Log replay does not respect the fact that your outputs will go back to influence your inputs. When you tune your vision, quite often you run into the “dirty vision data cycle”, where the dirty vision data makes your chassis PID

shake, which then causes more dirty vision data because your camera’s shaking. This effect is not quite simulated if you are using the replay data from a logged match.

The utility of log replay depends a lot on what you’re trying to accomplish, and it’s important to set appropriate goals when using it. With the right application it can be incredibly powerful, but it’s not a magic bullet that works in every scenario. Also keep in mind that one of the main utilities of log replay is recording data that was not logged in the first place; this does not involve changing code logic at all, just adding additional telemetry.

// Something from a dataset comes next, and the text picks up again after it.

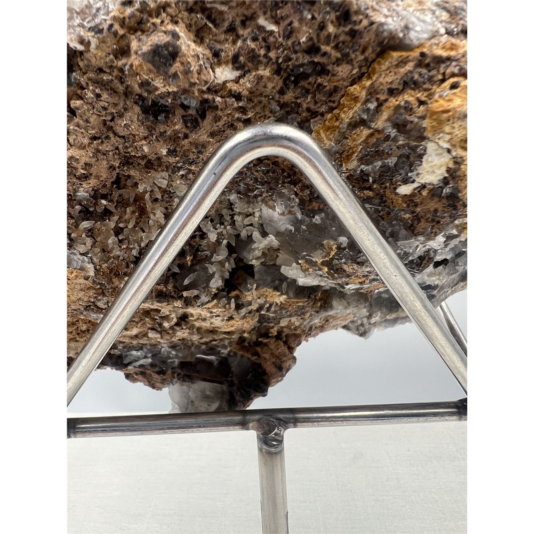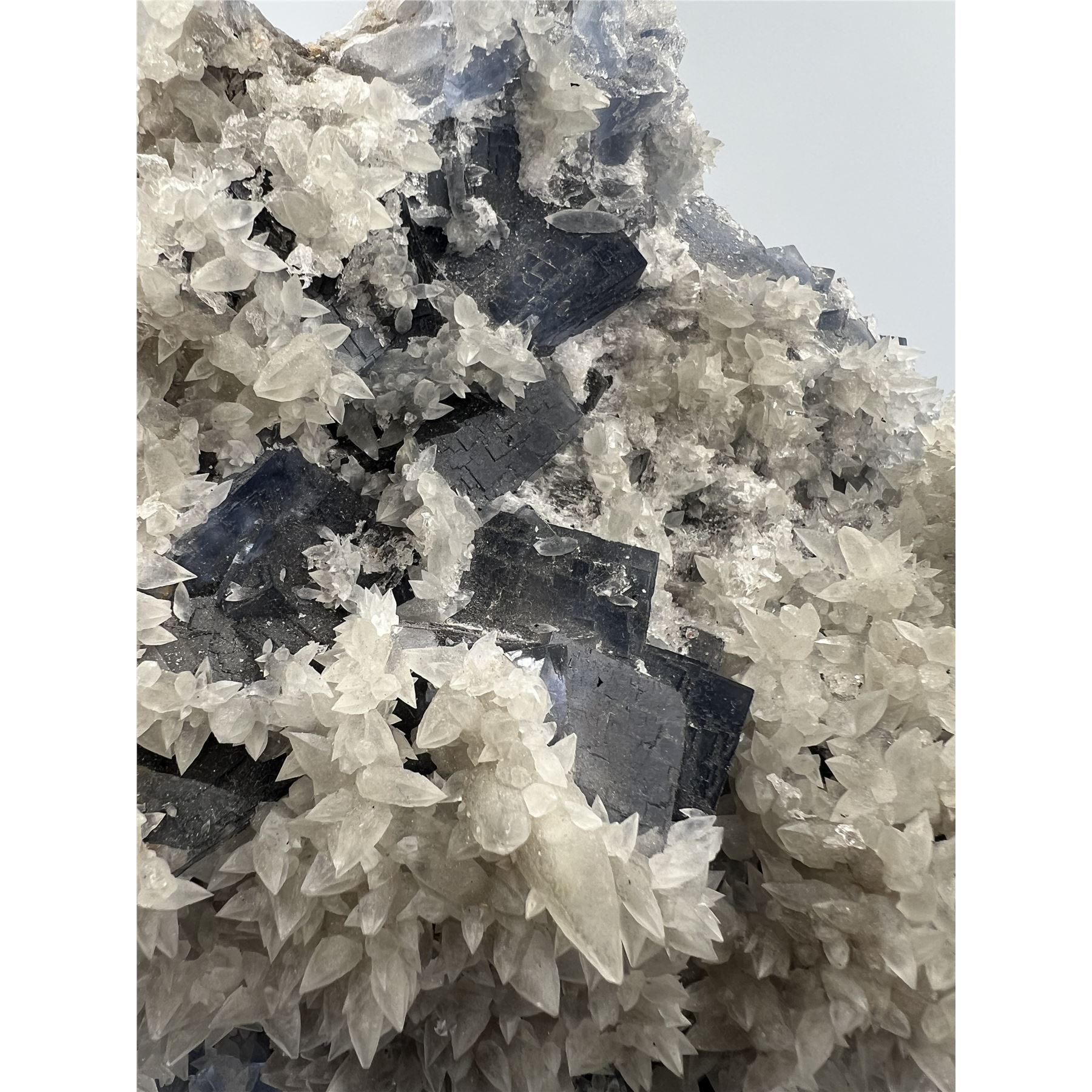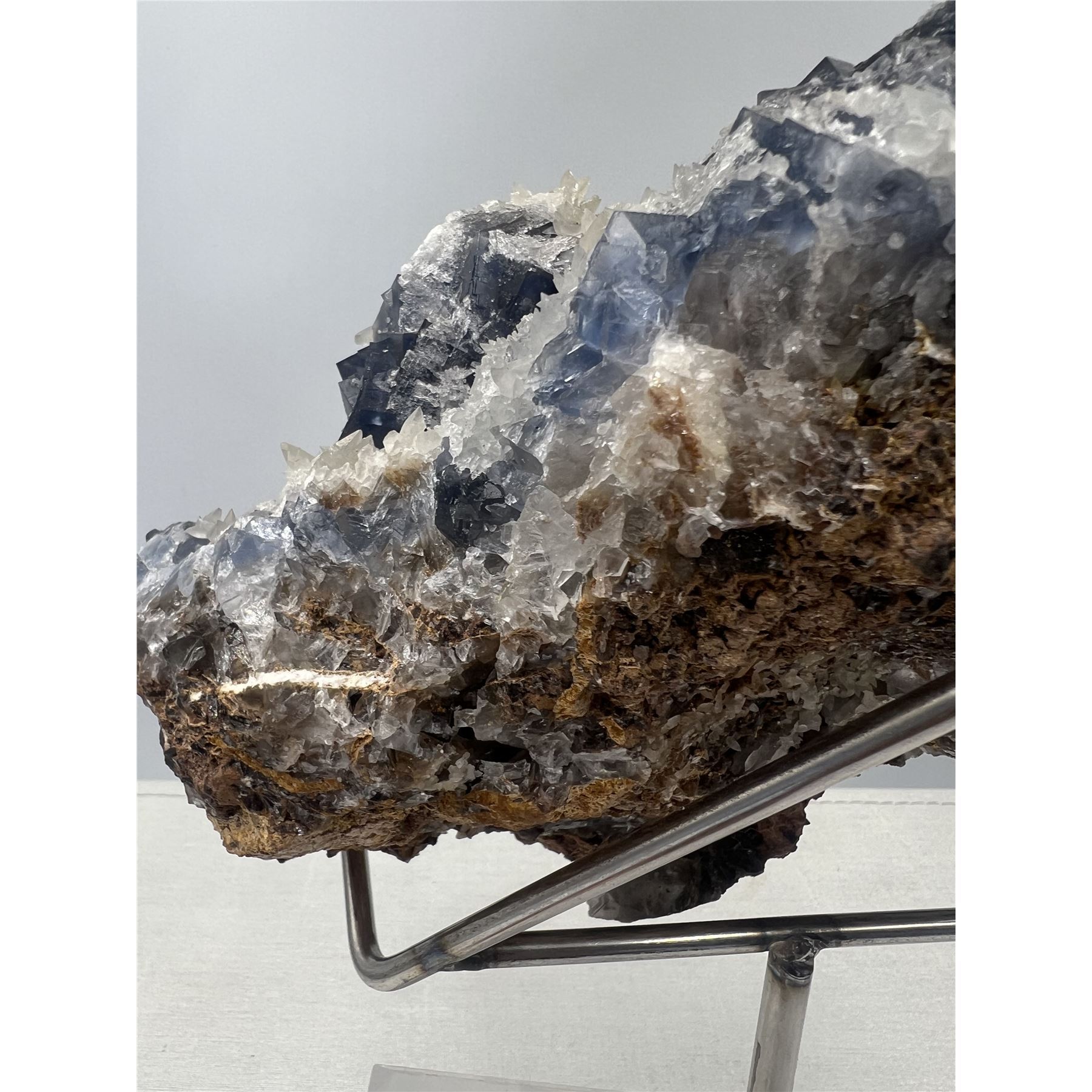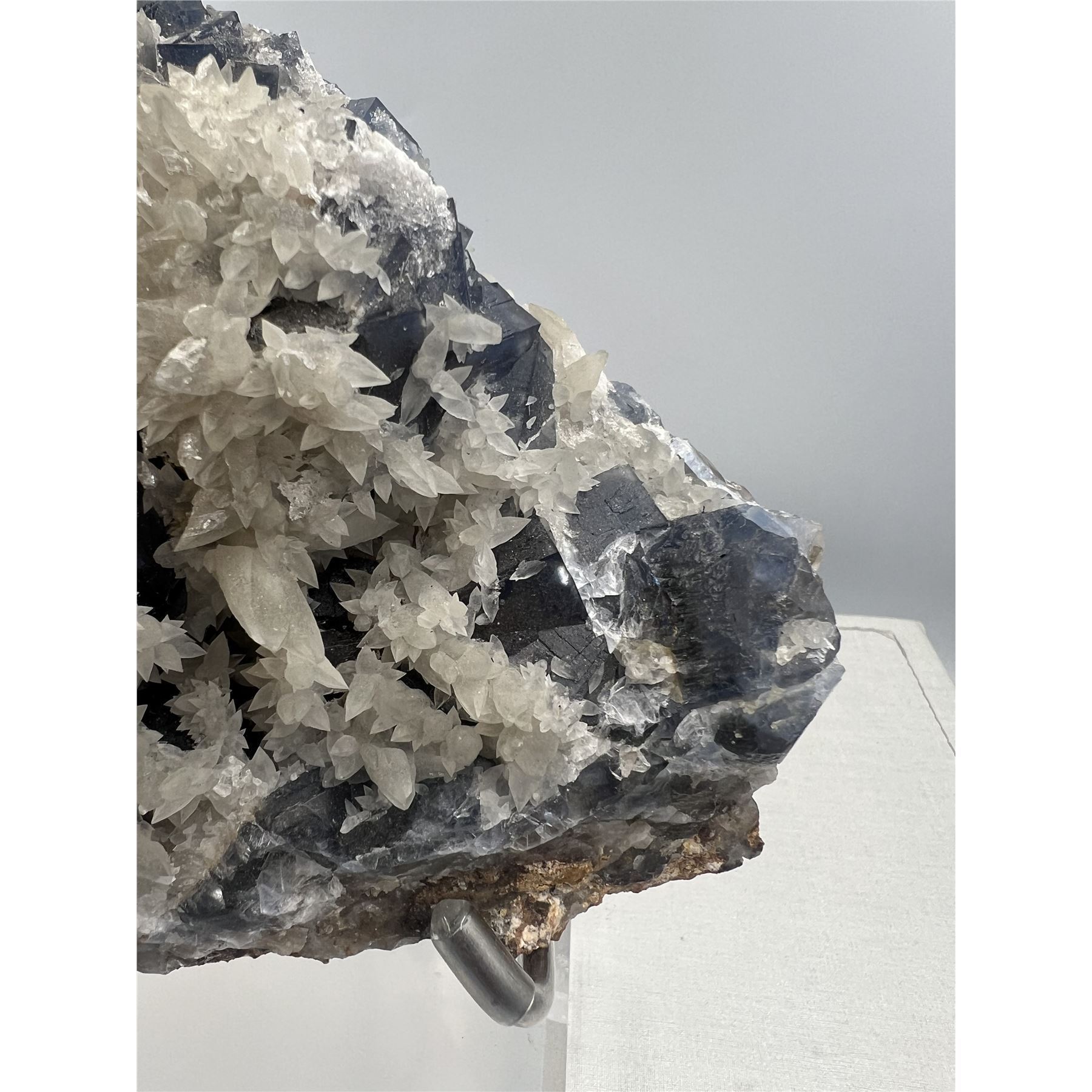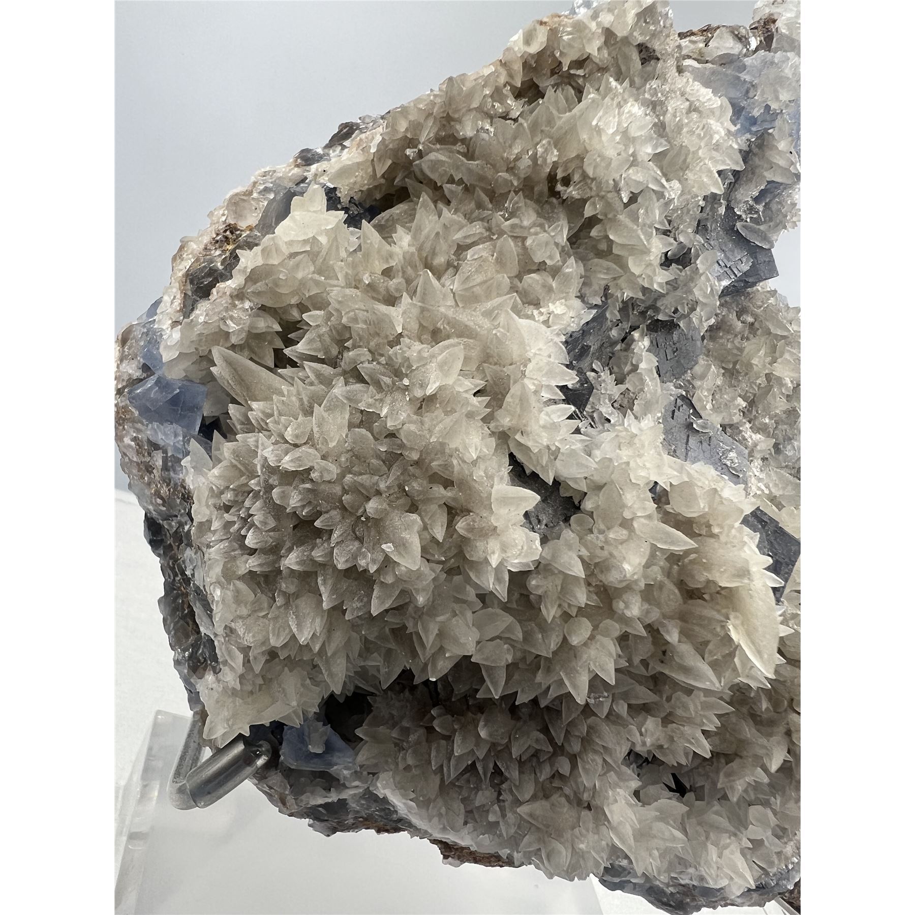 9 X 11 INCH FLUORITE WITH FLOWER CALCITE QUARTZ ON STAND

Making changes to code logic is most useful when looking at a small part of the code, with a focused goal. In the example you gave, one place where log replay might be helpful is adjusting your latency compensation algorithm to reduce the noise caused by robot movements. The log will always show the robot shaking (because that’s what happened), but you can still ensure that your improved algorithms produce more realistic estimates under tough conditions. This is also a good example of how log replay can be taken too far — tuning a PID

controller inherently involves a feedback loop between outputs and inputs (that’s the point), so it’s not generally useful to tune PID
gains in log replay. However, modern robot code involves lots of complex control logic whose components can be inspected and tuned separately in replay.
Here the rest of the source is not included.